# Multi amps, caps, crossover questions.



## fporro (Jun 12, 2002)

What's the proper way to set this up...
radio has 3 rca outputs, front, rear and sub-woofer.

- Stinger 1.4 cap, big enough for JL Audio 1000/1 v2 ?

- Gravity 5.0 cap, big enough for multi amp setup ?, they are:
JL Audio HD600/4 
JL Audio HD600/4
JL Audio HD750/1

- JL C2-525 speakers, do i need to hookup crossovers or are amp filters enough ? (600/4 amp)

- Alpine SPR-50 speakers, do i need to hookup crossovers or are amp filters enough? (600/4 amp)

- Speakers for HD750/1 amp, 8" for vocals, any recommendations ? to be door mounted.

- speaker cables, could I extend them ? about 2 ft max.

- RCA connections for HD750/1 amp, it used to be my sub-woofer amp, but planning to use it for vocals, should I split rear RCA signal and share betwwn 2 amps without degradation ?

thanks and sorry for all this questions.


----------



## DennisCooper! (Jan 29, 2011)

Hi,

From what you've mentioned there, I can't understand why you'd want to use a mono amplifier for vocals, 8 inch driver for vocals ! you need a front soundstage and accurate STEREO imaging for vocals - not mono. 

Capacitors are not required and serve no usefulness as the amplifiers have quality internal power supplies. Ensure your power wiring, ground and fusing is all well installed, perhaps an audio grade battery as well. 

The amplifiers you've got are quite powerful in RMS output. The C5's are the speakers which should be in your doors and perhaps in a custom door build, one of the 4 channel amps to power those and the rear speakers off the remaining 2 channels. The 2nd 4 channel amplifier isn't really needed I'd say. Use an 8 or 10 or 12 inch subwoofer driven from the mono amplifier. 
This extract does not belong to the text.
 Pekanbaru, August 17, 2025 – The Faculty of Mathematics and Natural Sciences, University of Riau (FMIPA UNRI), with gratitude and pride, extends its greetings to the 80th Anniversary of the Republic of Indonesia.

Factor in costs like fabrication of door builds, subwoofer enclosure to fire through ski hatch (make one if you don't have one) , fitting, wiring, power protection etc etc. 
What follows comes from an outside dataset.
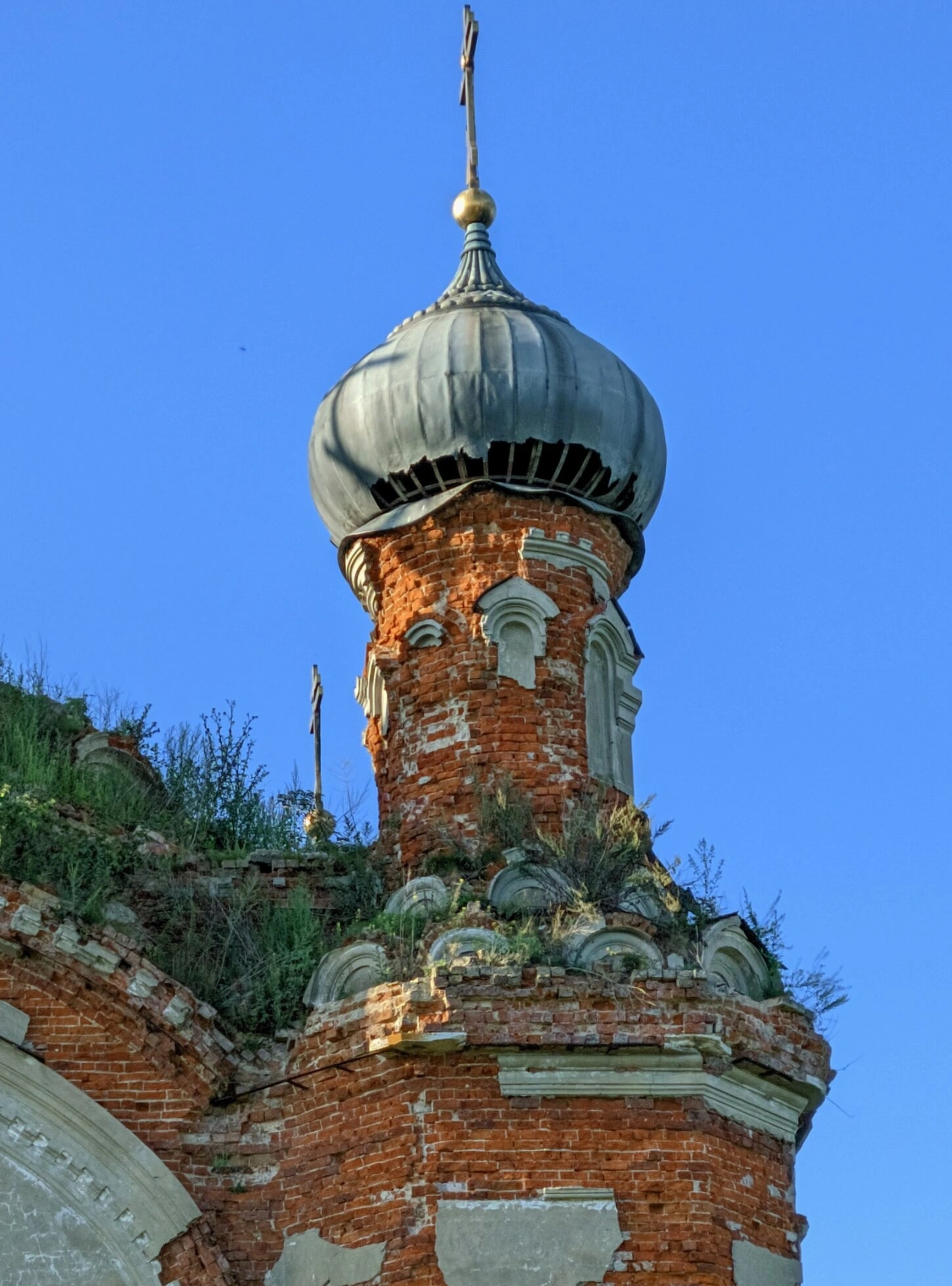 Венчает колокольню металлический купол, подвергшийся сильной коррозии и имеющий существенные повреждения. Несмотря на плачевное состояние конструкции, на вершине купола сохранился православный крест, символизирующий некогда действующий статус храма. На заднем плане фотографии просматривается еще один крест, вероятно принадлежащий основной части церковного здания.

I used to have many E30's in the 90's and so did my younger brother. To date, I haven't seen anyone else do what we did in one car, which was to squeeze TWO 18 inch subwoofers into the trunk/boot 

I also suggest you take a look at some dedicated car audio forums for more advice 

cheers, Dennis!


----------



## fporro (Jun 12, 2002)

I see what you mean.

running c2's up front, those i'll upgrade to c5's and see if can move them onto door pods as you recommend., local guy makes them.
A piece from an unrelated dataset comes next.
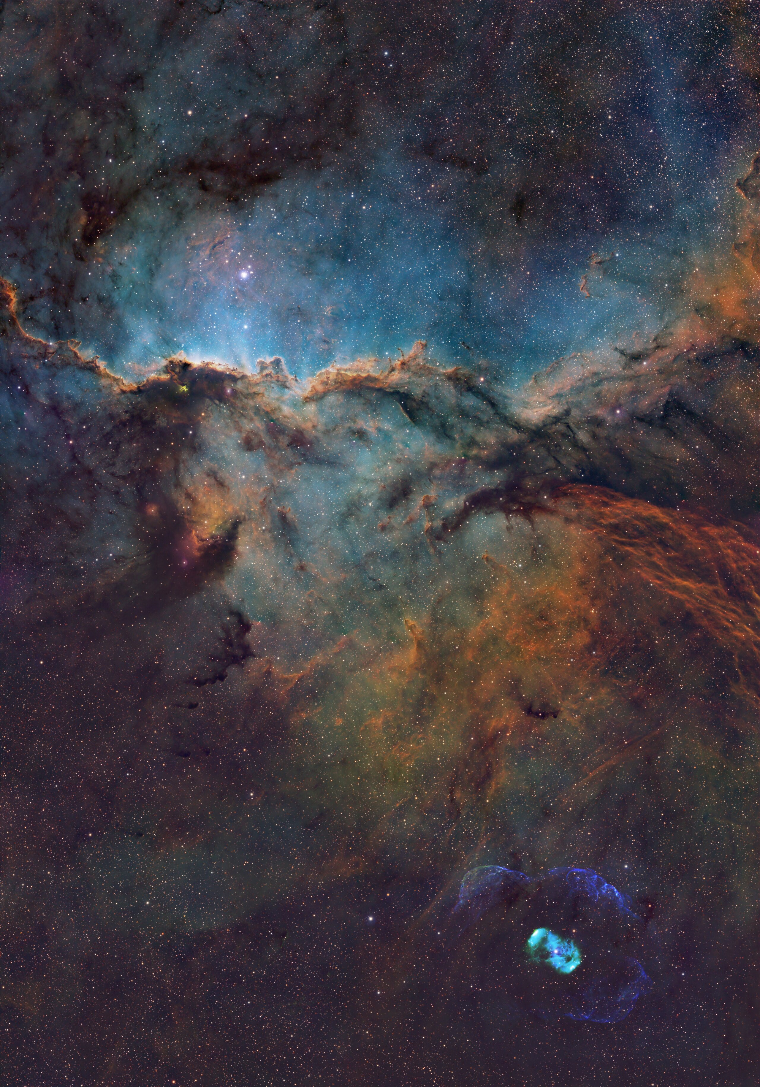 8. Beaucoup de signal ici, effectivement, c'est ue belle image. Avec du SHO, le choix des teintes est toujours difficile, tu n'as pas choisi le SHO traditionel, (le Ha en Vert) , tu a meme probablement fait une "reduction de bruit vert" pour s'en débarrasser, ce qui donne des teintes plus marron, assez differente du SHO classique.

I've notice that on convertibles it's very hard to get mids to stay as you drive.

so far...

removed lead weight and place amps there instead.
HD750/1 offline until find suitable 10's.

two p3s 12" woofers driven by 1000/1 v2 amp ...

btw, used to run 2x15" JBL into stage enclosures, they fit perfectly on back set, looked custom, crazy. !!!


----------